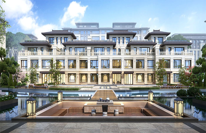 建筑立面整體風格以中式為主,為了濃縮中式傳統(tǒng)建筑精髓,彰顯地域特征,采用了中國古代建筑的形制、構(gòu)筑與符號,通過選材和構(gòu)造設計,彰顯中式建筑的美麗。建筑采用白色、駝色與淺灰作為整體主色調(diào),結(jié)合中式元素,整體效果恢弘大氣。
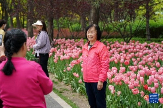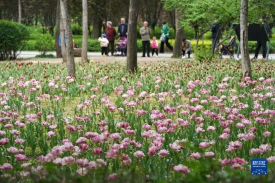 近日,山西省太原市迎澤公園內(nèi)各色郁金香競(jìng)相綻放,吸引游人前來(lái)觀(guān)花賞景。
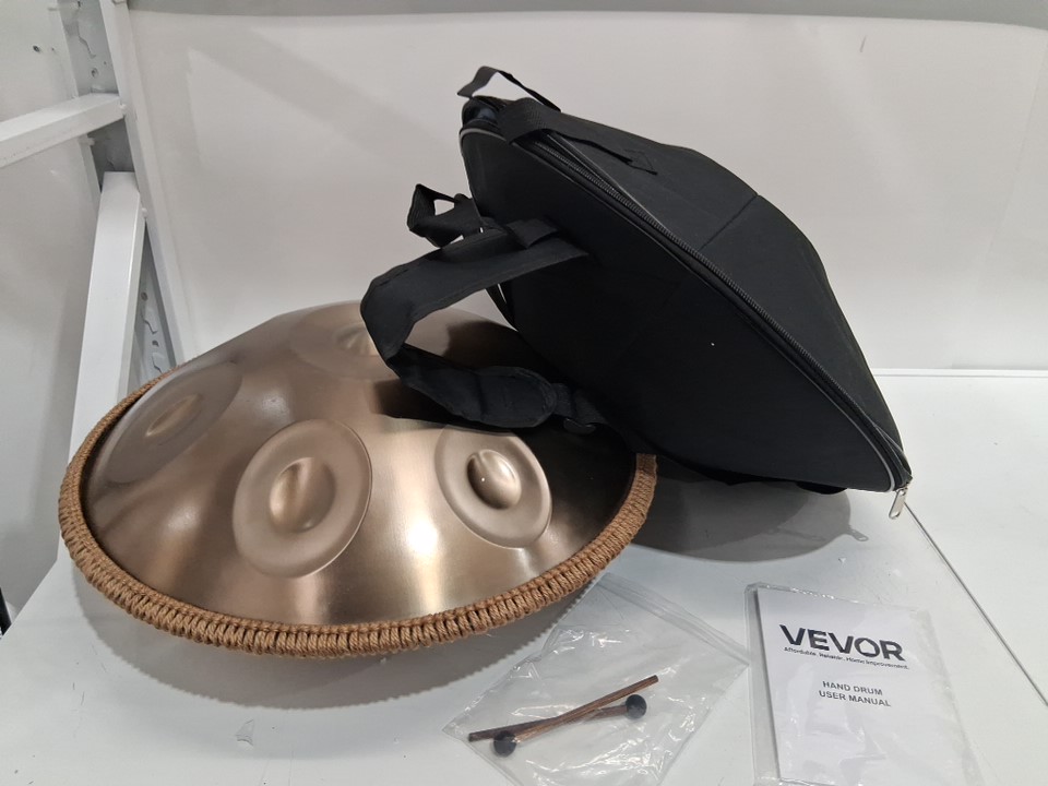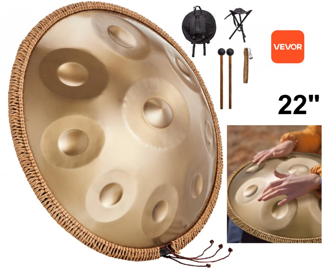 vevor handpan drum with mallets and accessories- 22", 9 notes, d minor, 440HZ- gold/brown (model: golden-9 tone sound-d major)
::::
> **Work request**
Retype only the lines from the line with "近日,山西省太原市迎澤公園內" through the last line of the data. Keep both ends and skip the pictures.

> **Task solution**
 近日,山西省太原市迎澤公園內(nèi)各色郁金香競(jìng)相綻放,吸引游人前來(lái)觀(guān)花賞景。
 vevor handpan drum with mallets and accessories- 22", 9 notes, d minor, 440HZ- gold/brown (model: golden-9 tone sound-d major)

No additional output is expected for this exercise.